The complexities posed by networking technologies, such as the increasing number of devices and the growing number of services relying on connectivity, pave the way for the application of AI-based solutions to address them [81]. The myriad objectives of these network optimizations might range from minimizing energy consumption to reducing network delays [117]. Transfer learning is a promising technique for estimating the Quality of Transmission (QoT) of optical links [94]. Similarly, Deep Reinforcement Learning (DRL) optimization can raise the robustness of the network topology to tackle the inherent vulnerabilities of IoT to network failures and malicious attacks [95]. The authors in [100] use graph theory for optimizing network lifetime, which leverages the capabilities of edge devices and Software Defined Network (SDN) controllers. Similarly, deployment performance can be optimized by leveraging SDN and serverless architectures [123]. Promising results are obtained by applying genetic algorithms for minimizing network delays [36].

4.3.3 Objectives.

The definition of certain objectives that the system will attempt to optimize is a common approach for AIOps solutions. In [18], the authors propose a system to take the burden of manual optimization of neural networks off the programmer. It outperforms existing solutions in the field in terms of performance, inference, and energy efficiency. Similarly, Hazra et al. address the difficulties posed by energy consumption and processing delays in edge environments [52]. Clustering techniques can reduce the communication load and enhance the energy efficiency of devices at the edge of the network [66]. In [36], the authors propose the use of multi objective optimization to leverage multiple converging objectives, including cost, performance, resilience, and network; subject to a set of predefined constraints. Alternatively, AIOps can serve as manner to improve software quality and engineering productivity [30, 75].

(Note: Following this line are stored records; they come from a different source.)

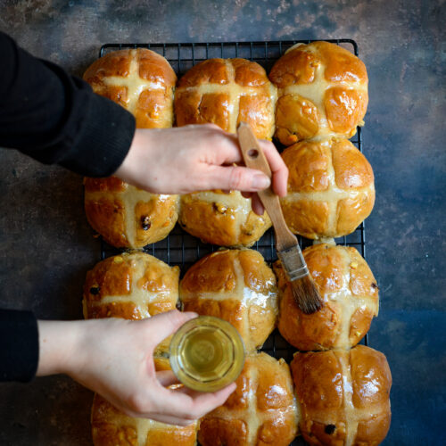 - Pre-heat the oven to 180C/160C Fan and when the buns are ready, pipe a cross on top and place them in the oven. Bake for 15-20 mins until golden.Remove from the oven and glaze immediately, leave to cool.
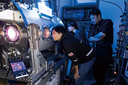 惑星探査機や人工衛星で利用が進んでいる電気推進機の研究用装置。宇宙環境を模擬した真空容器内でプラズマを生成・噴射して推力を得ます。
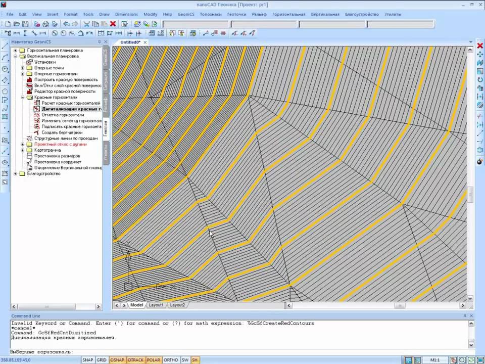 nanoCAD Геоника. Генплан: Красные горизонтали
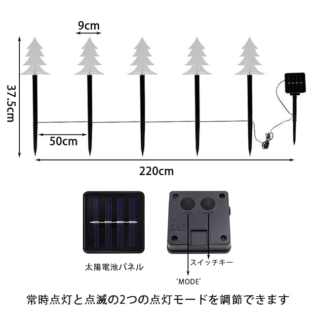 商品名:Lanito クリスマスライト ガーデンライト クリスマス ソーラーライト 暖かい白 5 in 1 クリスマス飾り ランプ 雪の結晶 星 クリスマスツリー 埋め込み式 屋外 防水 自動点灯 消灯 省エネ 照明飾り お庭 雰囲気作り 飾りライト (クリスマスツリー)
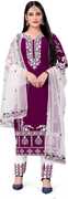 Embroidered Pakistani Style Georgette Pakistani Suit Will Make You Look Like A Diva With Its Traditional Style And Beautiful Embroidery Annotated Perfectly With Zari, Resham Thread And Sequance WorK On Its Georgette Flared Pakistani A-line Top That Is Paired With Matching Slik Santoon Bottom And Inner. The Beauty Part Of This Pakistani Salwar Suit Is Its Zari Embellished Pakistani And Soft Net Dupatta. Style This Pretty Attire On Any Wedding Or Eid Festival Party With Heels And Jewellery To Look Stunningly Beautiful From The Rest Of The Crowd. Zonfab Women's Purple Georgette Semi Stitched Top With Unstitched Santoon Bottom and Net Dupatta Embroidered Straight Kurta Dress Material (Pakistani Salwar Suit)
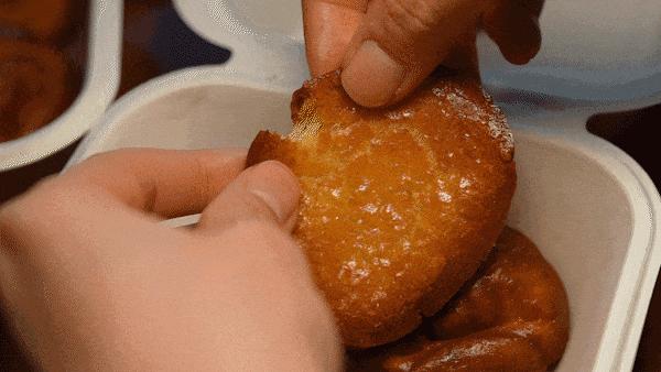 打开一个简单的透明塑料盒,用手抓起一个刚出炉的黄油芝士年糕,直接在风中咀嚼。在咬脆壳和奶酪爆浆的那一刻,黄油年糕的意义已经超出了食物范围,升华为承载工人自由意志的图腾。
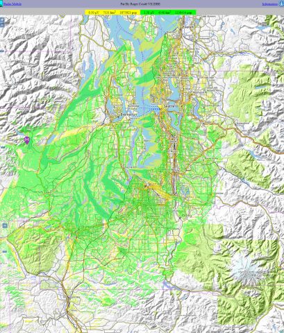 This prediction was also based upon typical equipment performance histories and the known terrain. Green and yellow tinting indicates mainly mobile (higher-powered) coverage. As with every radio system, "Your Mileage May Vary" so it is always best to plan for mobile operations first and foremost, and recognizing that hand-held radio coverage will be best-used in conjunction with localized mobile-commands events! Now that Oly-Comm3 has been moved to Cougar Mountain a new service map will eventually replace this one.
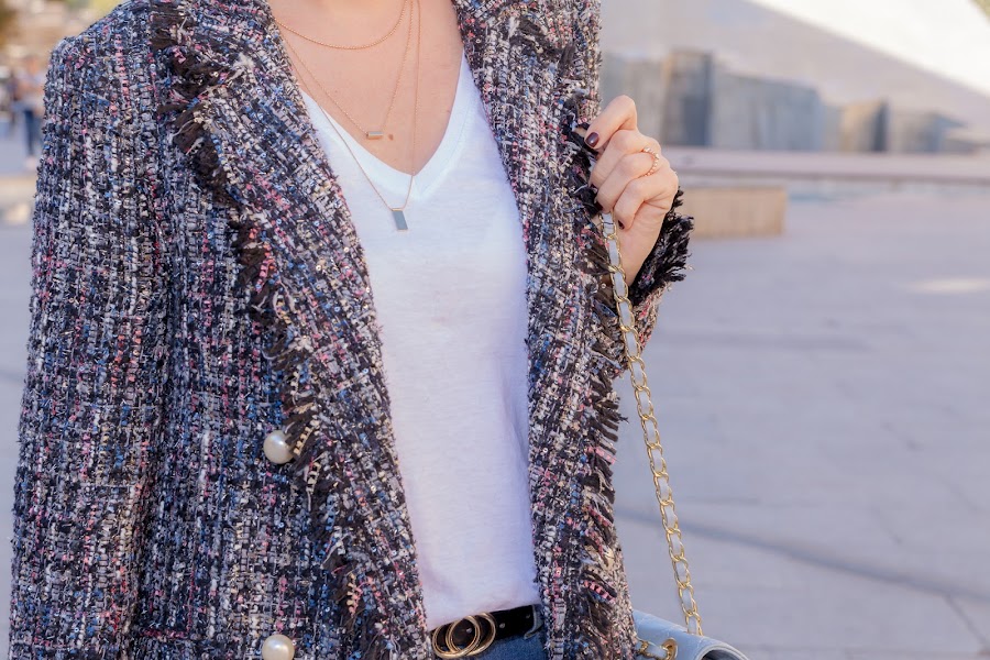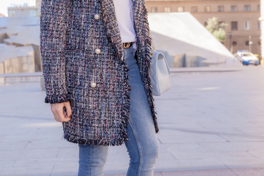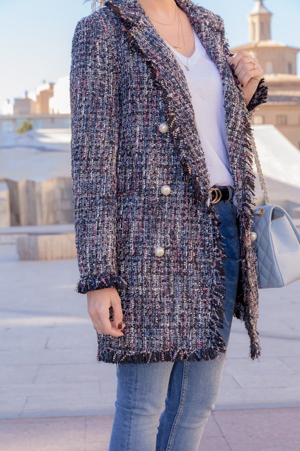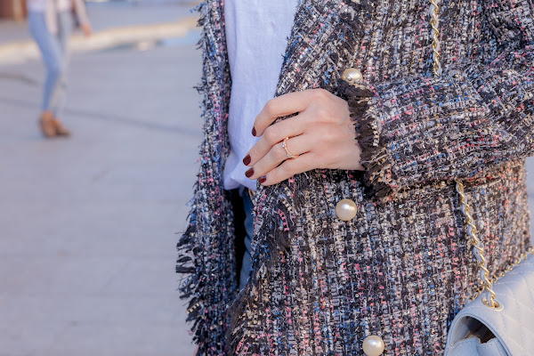Con lo adicta que soy a las chaquetas de estilo Chanel ya he perdido la cuenta de las que tengo. En invierno las utilizo bastante, por lo que no me importa seguir comprando más. Hoy os enseño mi última compra, una chaqueta de tweed con los bordes desflecados. El tweed es de hilos de varios colores por lo que la hace muy fácil de combinar. Hoy la llevo con un top lencero y mis nuevos jeans rectos. ...
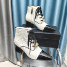 CC Ankle Boots White Tweed Fabric And Lambskin
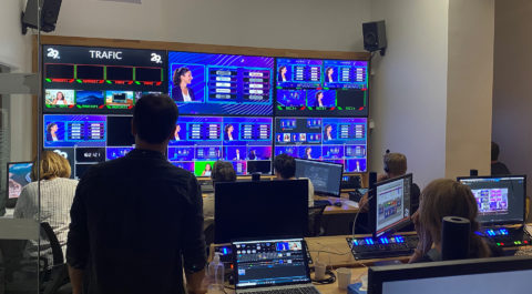 L’interface graphique est intuitive. Il y a une fenêtre vidéo principale et en dessous un carrousel, avec des vignettes qui se synchronisent avec le sujet de l’émission ou le profil d’un intervenant. Il est ainsi possible de faire apparaître un site Web, un réseau social, une vidéo. Il y a de l’interactivité directement dans l’image principale en insérant un compte Twitter ou LinkedIn sur une personne qui intervient.
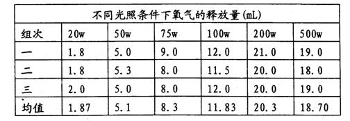 ③将6套装置放入暗室中,然后用20W、50W、75W、100W、200W和500W的台灯等距离地分别照射1- 6号装置,观察气泡的产生情况。
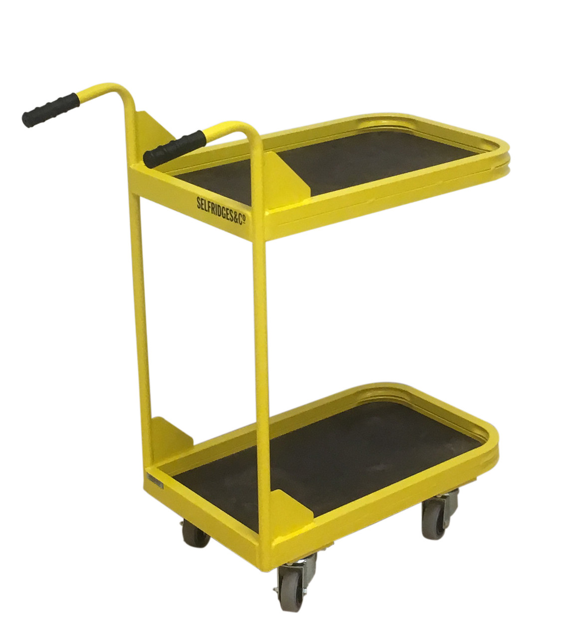This lightweight trolley has non slip shelves, a double handle and lockable wheels and two versatile storage shelves. Can be made in a wide range of powder coat colours.

AIOps solutions can boost the various stages that comprise the data science lifecycle, including data management, monitoring, packaging, and deployment. A significant amount of the literature is devoted to data management, whereas other phases, such as monitoring and retraining of ML models, receive less attention. In this regard, the inference of metrics utilizing AI simplifies the monitoring of ML models, and the continuous stream of data facilitates their retraining. A significant portion of the literature deals with the difficulties posed by networking technologies, such as connectivity and network delays. Finally, optimizing the performance, energy consumption, and cost of existing architectures are also popular topics in academia.

4.4 What Frameworks and Architectures Facilitate MLOps and AIOps? (RQ4)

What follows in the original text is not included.